_BRIEF_
Return the first line of the listing below and all the lines after it through the one containing "Candy~ Ceramic Ornament", exactly, without pictures.

_EXERCISE MATERIAL_
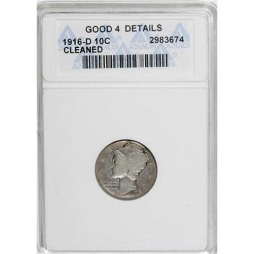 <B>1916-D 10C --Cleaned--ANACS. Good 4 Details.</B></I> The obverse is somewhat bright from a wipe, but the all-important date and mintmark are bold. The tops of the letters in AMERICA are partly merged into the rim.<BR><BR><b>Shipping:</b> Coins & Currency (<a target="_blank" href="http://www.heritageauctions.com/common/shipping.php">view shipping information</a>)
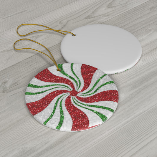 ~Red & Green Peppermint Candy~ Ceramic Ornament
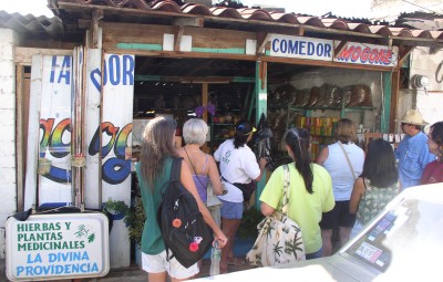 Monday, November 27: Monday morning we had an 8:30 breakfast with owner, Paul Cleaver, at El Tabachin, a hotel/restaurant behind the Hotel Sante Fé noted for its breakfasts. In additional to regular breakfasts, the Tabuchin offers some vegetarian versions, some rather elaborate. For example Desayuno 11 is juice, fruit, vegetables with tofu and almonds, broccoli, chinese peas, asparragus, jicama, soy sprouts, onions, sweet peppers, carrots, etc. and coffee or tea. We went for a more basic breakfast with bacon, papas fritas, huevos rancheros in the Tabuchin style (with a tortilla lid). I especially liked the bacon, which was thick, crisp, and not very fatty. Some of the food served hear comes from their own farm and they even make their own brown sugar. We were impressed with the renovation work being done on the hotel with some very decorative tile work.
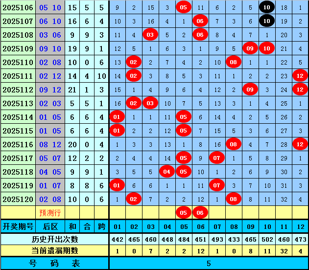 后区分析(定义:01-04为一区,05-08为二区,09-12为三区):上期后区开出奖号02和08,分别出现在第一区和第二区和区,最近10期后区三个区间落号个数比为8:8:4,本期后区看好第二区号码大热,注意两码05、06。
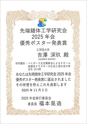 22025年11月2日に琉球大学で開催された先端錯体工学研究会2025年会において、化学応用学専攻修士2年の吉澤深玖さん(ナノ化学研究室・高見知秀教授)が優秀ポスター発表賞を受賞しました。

_ANSWER FOR THIS EXERCISE_
 <B>1916-D 10C --Cleaned--ANACS. Good 4 Details.</B></I> The obverse is somewhat bright from a wipe, but the all-important date and mintmark are bold. The tops of the letters in AMERICA are partly merged into the rim.<BR><BR><b>Shipping:</b> Coins & Currency (<a target="_blank" href="http://www.heritageauctions.com/common/shipping.php">view shipping information</a>)
 ~Red & Green Peppermint Candy~ Ceramic Ornament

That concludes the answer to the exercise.